Jika tidak ada peserta yang mengajukan sanggahan kualifikasi proses
lelang/seleksi tetap sah.
Demikian juga kalimat tidak diperlukan sanggahan banding (pasal 109 ayat (7)
huruf d) menunjukkan bahwa sanggahan banding sebenarnya suatu yang
dikehendaki tetapi ketiadaan sanggahan tersebut tidak menyebabkan proses ETendering menjadi tidak sah.
Dengan rumusan yang terdapat dalam pasal 109 ayat (7) tersebut berarti:
Dalam proses E-Tendering, sanggahan bukan saja tidak diperlukan tetapi harus
dihindari karena adanya sanggahan menunjukkan bahwa peserta lelang/seleksi tidak
puas atas keputusan Pokja ULP. Adanya sanggahan jelas akan menghambat proses
lelang/seleksi.
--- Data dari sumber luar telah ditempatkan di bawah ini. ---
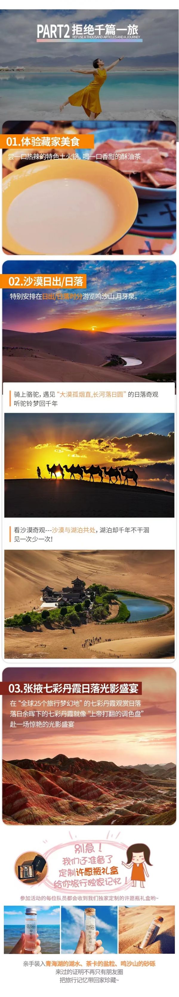 早上睡到自然醒,吃過早餐,前往中國版的“天空之鏡”【茶卡鹽湖】 。茶卡的天空異常干凈,在白色之上。與其說是天空之鏡,不如說是一場幻境,天地一線,在現(xiàn)實世界中早已很難找到如此純凈的地方,白得是如此的徹底,抬起頭,頭頂有著一片藍天,低下頭,腳下仍是一片藍天,已分不清是天空倒影在湖水中,還是湖水融化在藍天里。大家可以在鹽湖里奔跑嬉戲,盡情的凹造型拍照。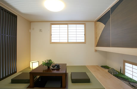 ホッとひと息つける落ち着いたトーンの和室は、家族のくつろぎスペースにも、来客時にも便利ですね。0.5階フロアや1.5階フロアにおすすめです。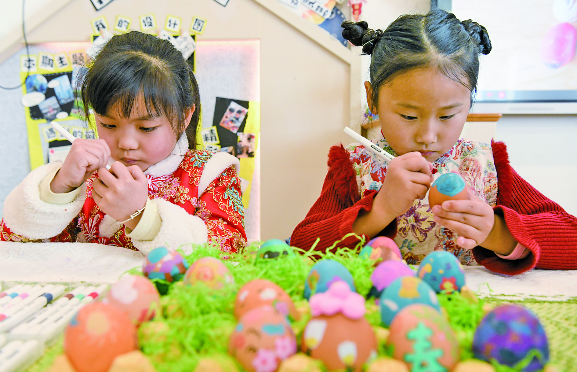 3月20日,春分时节,婺城区北苑幼儿园开展“春分立蛋”主题民俗活动。小朋友们通过“绘彩蛋”“立蛋”等活动了解春分相关民俗,感受节气传统文化。 时宽兵 文/摄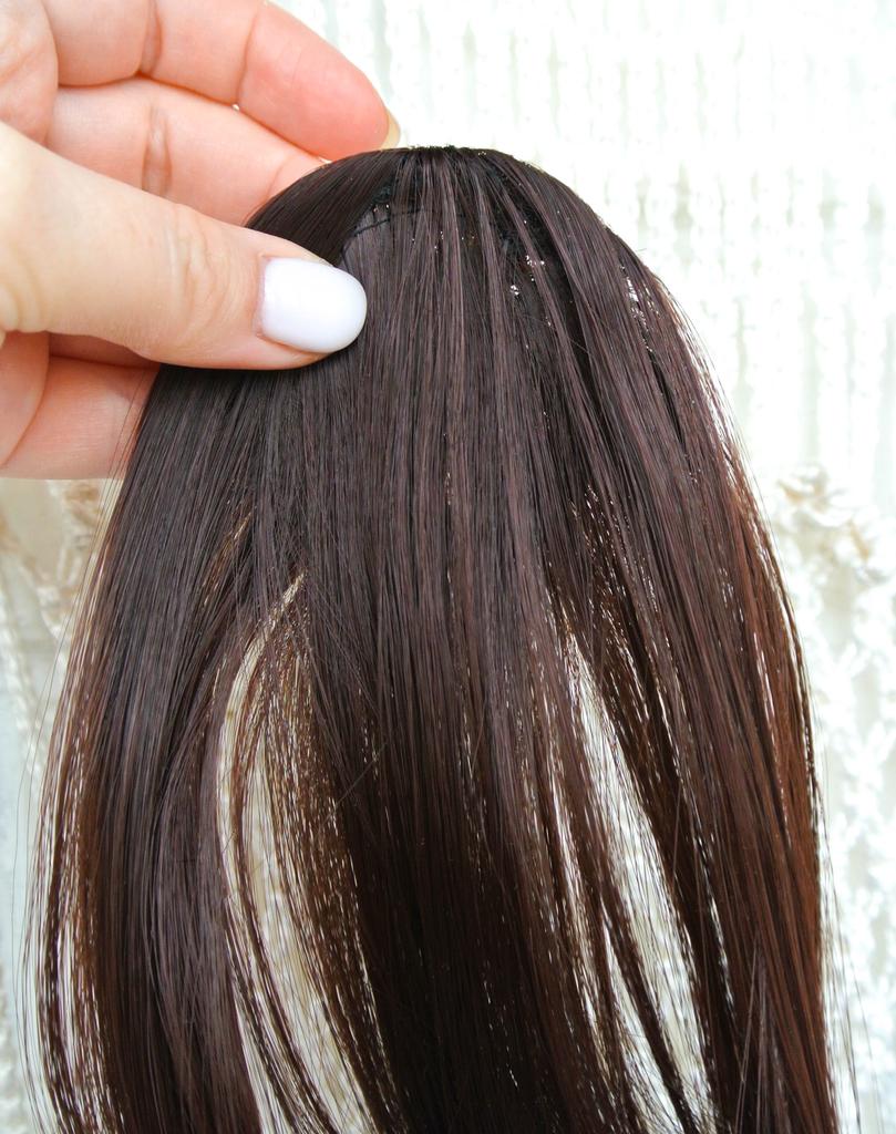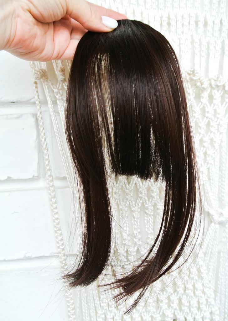 Overhead straight bangs with extended strands Total length about 28 cm. Not fluffy, looks natural. No synthetic shine. Hair is soft and pleasant to the touch. Attached to tress.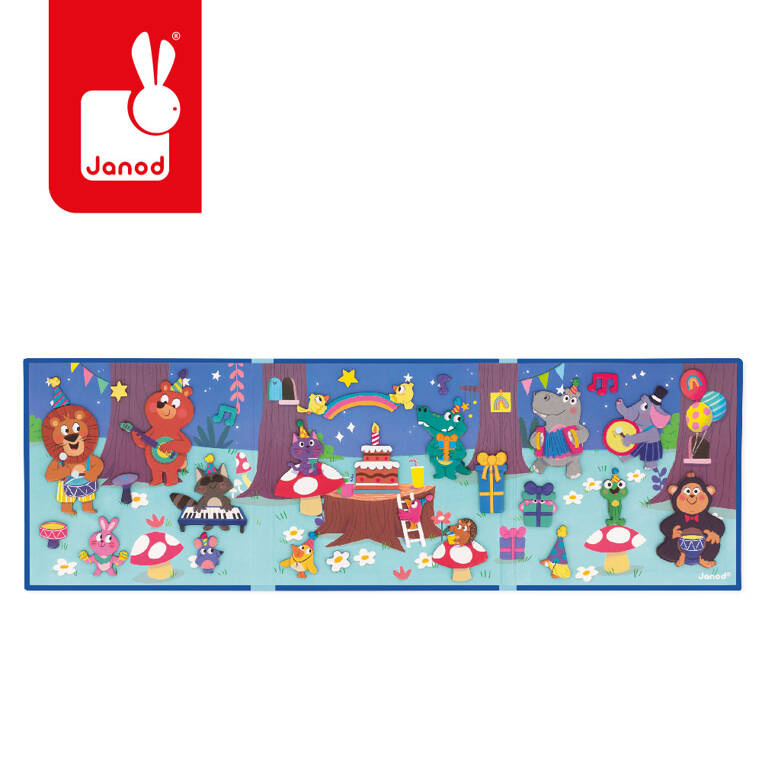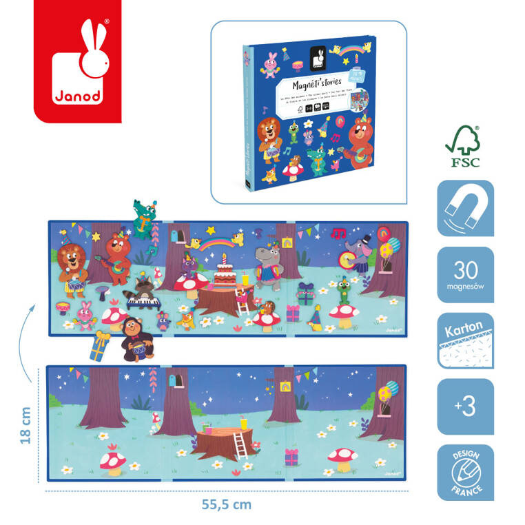 Magnetyczne historie Przyjęcie w lesie z linii Magneti'stories francuskiej marki Janod to prawdziwa gratka dla fanów imprez i leśnych zwierząt. Maluch otrzyma do dyspozycji 30 magnesów pod postacią leśnych zwierząt, gadżetów urodzinowych, imprezowych ozdób, prezentów itp., a w połączeniu z rozkładaną potrójną planszą stworzą przepiękną ilustrację. Magnesy układane są wedle własnej koncepcji, co sprawia, ze zabawka nie znudzi się szybko. Ta magnetyczna układanka jest chętnie wybierana przez rodziców na całym świecie. To nie tylko wspaniała rozrywka, ale także możliwość wielopłaszczyznowego rozwoju. Zabawa z tą układanką pobudza artystycznie, uczy kreatywnego podejścia do tematu czy też wspomaga sprawność manualną. To doskonały pomysł na angażujący prezent dla chłopca i dziewczynki.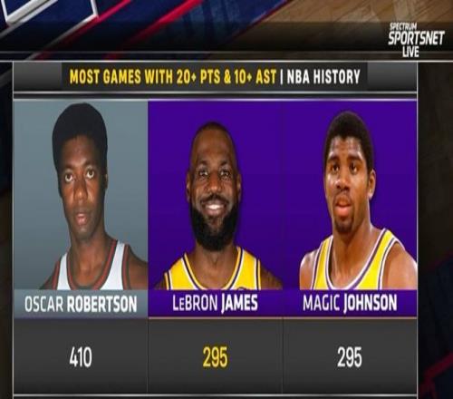 第三,歷史20分10助場次榜:大O以410場排名第一,詹姆斯295場與魔術(shù)師并列第2。
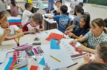День России в пришкольном лагере Муслюмовской гимназии начался с государственного гимна Российской Федерации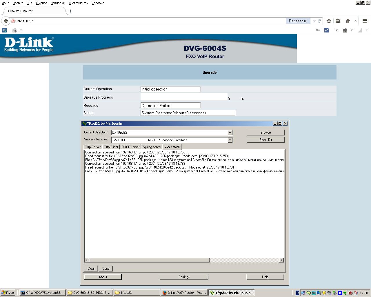 Всем привет. При прошивке шлюза DVG-6004S через tftpfd32 появляется ошибка "Operation Faled" (на шлюзе) и "Синтаксическая ошибка в имени файла, имени папки или метке тома" (в логе программы). Шлюз и компьютер находятся в одной подсети. Текущие параметры шлюза: PID 242 F/W 1.02.37.61.8258 2008/02/20 H/W ver. B2 Для прошивки использовал DVG-6004S_B2_PID242_1.2.38.95.8558_1.2.1.2172(0206121239) с сайта.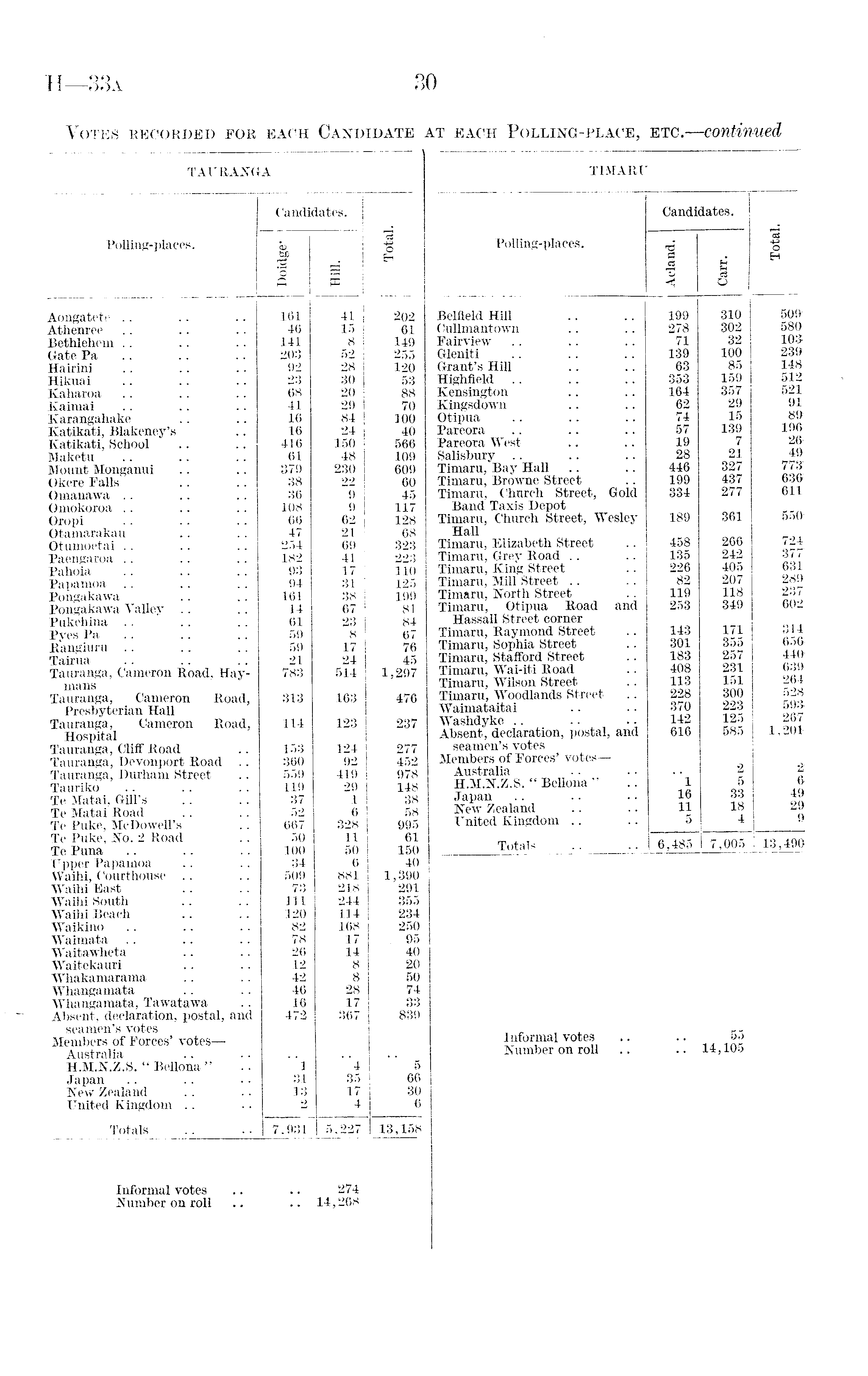 TIMARU Candidates. Polling-places. T3 3 o fl H o C3 «! O Belfleld Hill 199 310 509 Cullmantown 278 302 580' Fair view 71 32 10$ Gleniti 139 100 239 Grant's Hill 63 85 148 Highfleld 353 159 512 Kensington 164 357 521 Kingstown 62 29 91 Otipua 74 15 89 196 Pareora 57 139 Pareora West 19 7 26Salisbury 28 21 49 Timaru, Bay Hall 446 327 773' Timaru, Browne Street 199 437 636 Timaru, Church Street, Gold 334 277 611 Band Taxis Depot 550 Timaru, Church Street, Wesley 189 361 Hall Timaru, Elizabeth Street 458 266 724 Timaru, Grey Road 135 242 377 Timaru, King Street 226 405 631 Timaru, Mill Street 82 207 289 Timaru, North Street 119 118 237 Timaru, Otipua Road and 253 349 602 Hassall Street corner 314 Timaru, Raymond Street 143 171 Timaru, Sophia Street 301 355 656Timaru, Stafford Street 183 257 440 Timaru, Wai-iti Road 408 231 639 Timaru, Wilson Street 113 151 264 Timaru, Woodlands Street 228 300 528 Waimataitai 370 223 59$ Washdyke 142 125 267 Absent, declaration, postal, and 616 585 1,201 seamen's votes Members of Forces' votes — Australia 2 2 H.M.N.Z.S. " Bellona " ' 1 5 6> 49 Japan 16 33 New Zealand 11 18 29 United Kingdom 5 4 9 Totals 6,485 7,005 1 13,490 Informal votes 55 Number on roll 14,105

Bahkan tidak jarang sanggahan menjadi titik awal dari lahirnya
kekisruhan dan dapat berbuntut panjang.
Memperhatikan bahwa lahirnya Perpres nomor 4 tahun 2015 ini dilandasi
pertimbangan perlunya inovasi dalam pengadaan barang/jasa, penulis berkeyakinan
bahwa pemerintah sebenarnya menginginkan agar proses tender berlangsung lebih
sederhana dan cepat dengan tidak memberi peluang kepada peserta untuk
mengajukan sanggahan kualifikasi dan sanggahan banding. Karena itu penggunaan
kata tidak diperlukan dalam pasal 109 ayat (7) huruf b dan huruf d tersebut
merupakan suatu kesalahan.
Daftar Pustaka:
1. Keputusan Presiden nomor 80 tahun 2003 tentang Pedoman Pelaksanaan
Pengadaan Barang/Jasa Pemerintah;
2. Peraturan Presiden nomor 54 tahun 2010 tentang Pengadaan Barang/Jasa
Pemerintah;
3. Peraturan Presiden Nomor 70 tahun 2012 tentang Perubahan Kedua atas Peraturan
Presiden nomor 54 tahun 2010 tentang Pengadaan Barang/Jasa Pemerintah;
4. Peraturan Presiden Nomor 4 tahun 2015 tentang Perubahan Keempat atas
Peraturan Presiden nomor 54 tahun 2010 tentang Pengadaan Barang/Jasa
Pemerintah;
5. Peraturan Kepala LKPP nomor 14 tahun 2012 tentang Petunjuk Teknis Peraturan
Presiden Nomor 70 tahun 20121 tentang Perubahan Kedua atas Peraturan Presiden
nomor 54 tahun 2010 tentang Pengadaan Barang/Jasa Pemerintah.
6. Peraturan Kepala LKPP nomor 18 tahun 2012 tentang E-Tendering.